Collected material:
* * * * * * *

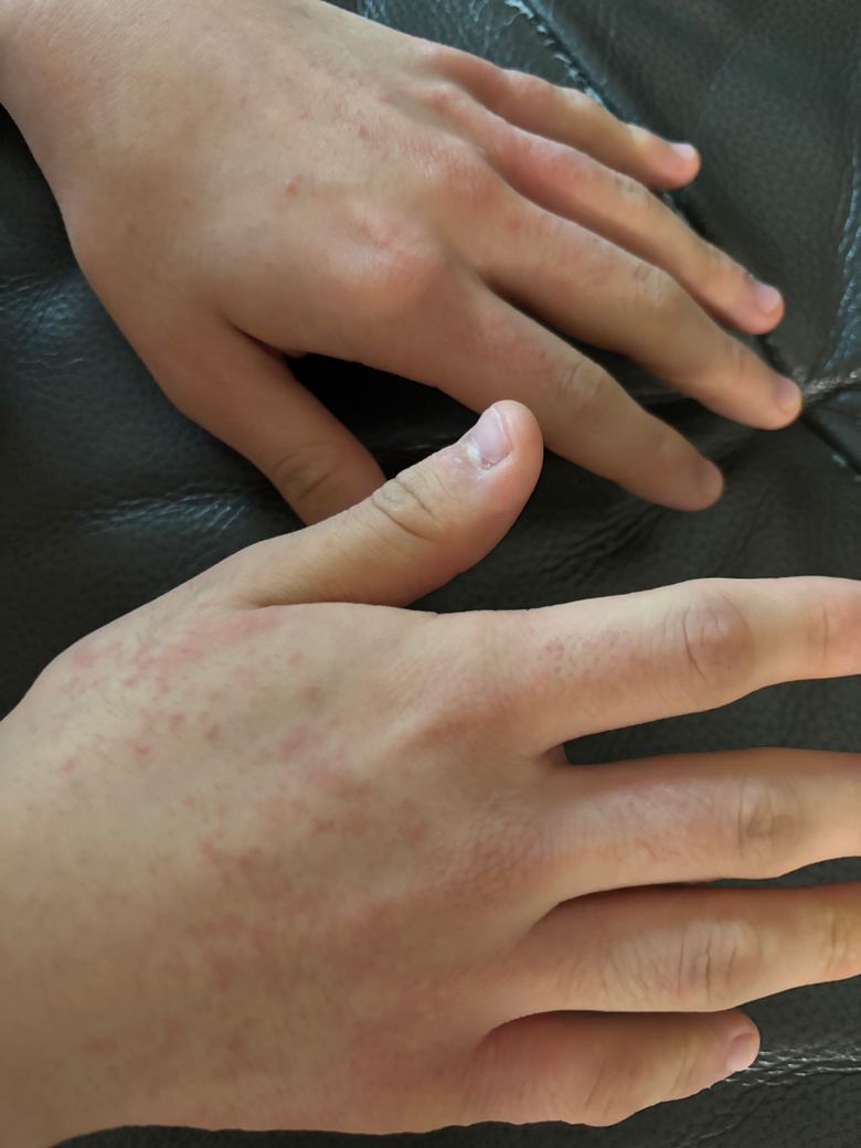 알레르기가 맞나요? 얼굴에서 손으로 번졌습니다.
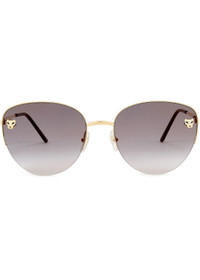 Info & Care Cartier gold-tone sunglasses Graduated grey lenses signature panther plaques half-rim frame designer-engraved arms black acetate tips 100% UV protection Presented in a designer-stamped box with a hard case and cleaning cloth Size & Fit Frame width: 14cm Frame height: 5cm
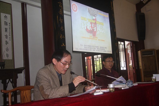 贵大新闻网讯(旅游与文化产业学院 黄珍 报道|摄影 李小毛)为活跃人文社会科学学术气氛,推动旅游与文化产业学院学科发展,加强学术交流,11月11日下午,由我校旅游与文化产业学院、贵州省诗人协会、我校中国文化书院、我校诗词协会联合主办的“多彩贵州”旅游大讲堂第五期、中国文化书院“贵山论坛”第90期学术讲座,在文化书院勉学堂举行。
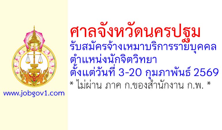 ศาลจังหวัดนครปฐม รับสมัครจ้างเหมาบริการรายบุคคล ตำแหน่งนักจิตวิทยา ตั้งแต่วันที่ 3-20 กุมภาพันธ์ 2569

* * * * * * *

What is expected: Each line from the one containing "贵大新闻网讯(旅游与文化产业学院 黄珍 报道|摄影" through the last line above should be retyped exactly, and no other line. Any picture is to be left out.

Task result:
 贵大新闻网讯(旅游与文化产业学院 黄珍 报道|摄影 李小毛)为活跃人文社会科学学术气氛,推动旅游与文化产业学院学科发展,加强学术交流,11月11日下午,由我校旅游与文化产业学院、贵州省诗人协会、我校中国文化书院、我校诗词协会联合主办的“多彩贵州”旅游大讲堂第五期、中国文化书院“贵山论坛”第90期学术讲座,在文化书院勉学堂举行。
 ศาลจังหวัดนครปฐม รับสมัครจ้างเหมาบริการรายบุคคล ตำแหน่งนักจิตวิทยา ตั้งแต่วันที่ 3-20 กุมภาพันธ์ 2569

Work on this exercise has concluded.